On the heels of Devon’s grand prix, where Vale and Finou 4 had one rail to finish sixth, he went to work at Upperville – nothing like a good day in the “office’ – and rode with his customary all-out determination. He won the first two FEI classes: Thursday’s Speed Stakes on Quidam’s Good Luck, owned by Tony Glaus, and Friday’s Welcome Stakes with Finou 4, owned by Think Like A Horse LLC and Don Stewart. He was in the catbird position to score a hat-trick, but luck tends to be as decisive as skill sometimes.

Course designer Michel Vaillancourt, Canada’s Olympic show jumping silver medalist from 1976, had created superb tracks for Upperville’s FEI classes. In Sunday’s Classic, six went clear in the first round, but FEI rules brought the top eight back for the jump-off with a time allowed of 51 seconds. Vale went fifth, laying down a fast clear with Finou 4 for first in 37.200, leaving out strides where no one else had, saving time.

Mexico’s Eugenio Garza Perez, 19 years old, with Bariano, owned by El Milagro, took what he learned watching Vale’s round and to shave more increments to zip into first on 36.850. Paul O’Shea (IRE) went all out, carving such an uber-tight turn to the oxer-vertical combination in the middle that NLF Favorite slammed on the brakes and refused. O’Shea, secure in 8th place, opted to retire.

Up last was Adam Prudent (FRA), who grew up in Middleburg, the summertime base for his parents, Katie (Monahan) and Henri Prudent, and their Plain Bay Sales. Prudent and Vasco put in a great round in 37.550 for third place. “We came close – he’s such a fabulous horse, a good old boy,” said Prudent. “He was great. I am very happy with where I finished and very happy to be here.”

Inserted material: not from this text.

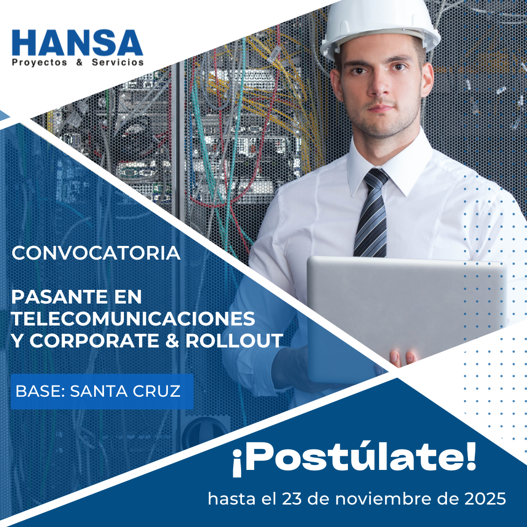 📢 CONVOCATORIA DE PASANTÍA EN EL ÁREA DE TELECOMUNICACIONES Y CORPORATE & ROLLOUT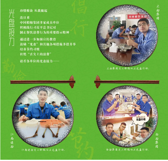 為認真貫徹落實習近平總書記關于制止餐飲浪費行為的重要指示精神,大力弘揚中華民族勤儉節(jié)約、珍惜糧食的文明用餐習慣,中國船舶集團積極開展“制止餐飲浪費 踐行光盤行動”專項宣傳引導活動。

The winner admitted that they had heard only good things about Upperville, and the FEI classes provided extra incentive to check it out. “I could not speak more highly about this horse show,” said Garza Perez. “It’s an absolutely amazing horse show, the facility’s great. The organizers did an amazing job, and the footing is top. Bariano’s a really strong horse and he gives it his all. The course rode really nice, had a lot of questions in it and options – one of the biggest tracks I’ve jumped with him, so to have this result was really special.”

As for Vale, his two wins and second in FEI classes, added to prize money from other jumper classes, earned him the Leading Jumper Rider Award.

“You know, we tried,” said Vale, following the Upperville Jumper Classic. “I’ve had Finou for just a year now. He’s a sensitive-minded horse, and he’s really starting to settle and trust me in his training and it’s starting to pay off in the ring. Physically, he has so much ability. He jumps big fences. He’s got a huge stride. At the same time, he’s very elastic. You can add a stride, you can leave two out, so physically he’s got a lot of tools and now the brain’s starting figure it all out. He’s been going really well. He jumped awesome here. I’m excited about him.”

As the other reporters moved off to gather quotes for their stories, Vale added, “You know, people have been so amazing. They dropped off bags of stuffed animals for my daughter, little children’s bedding – truly, we lost so much of that stuff. Her collection – it’s only been two and a half years in the making, but it was a heck of a collection. People have just been so generous and so supportive – it’s just been… The horse community is not a large community, but it’s generous and I certainly appreciate everything everyone’s done to help us.”

Next year, one special week in June: join the community and enjoy Upperville.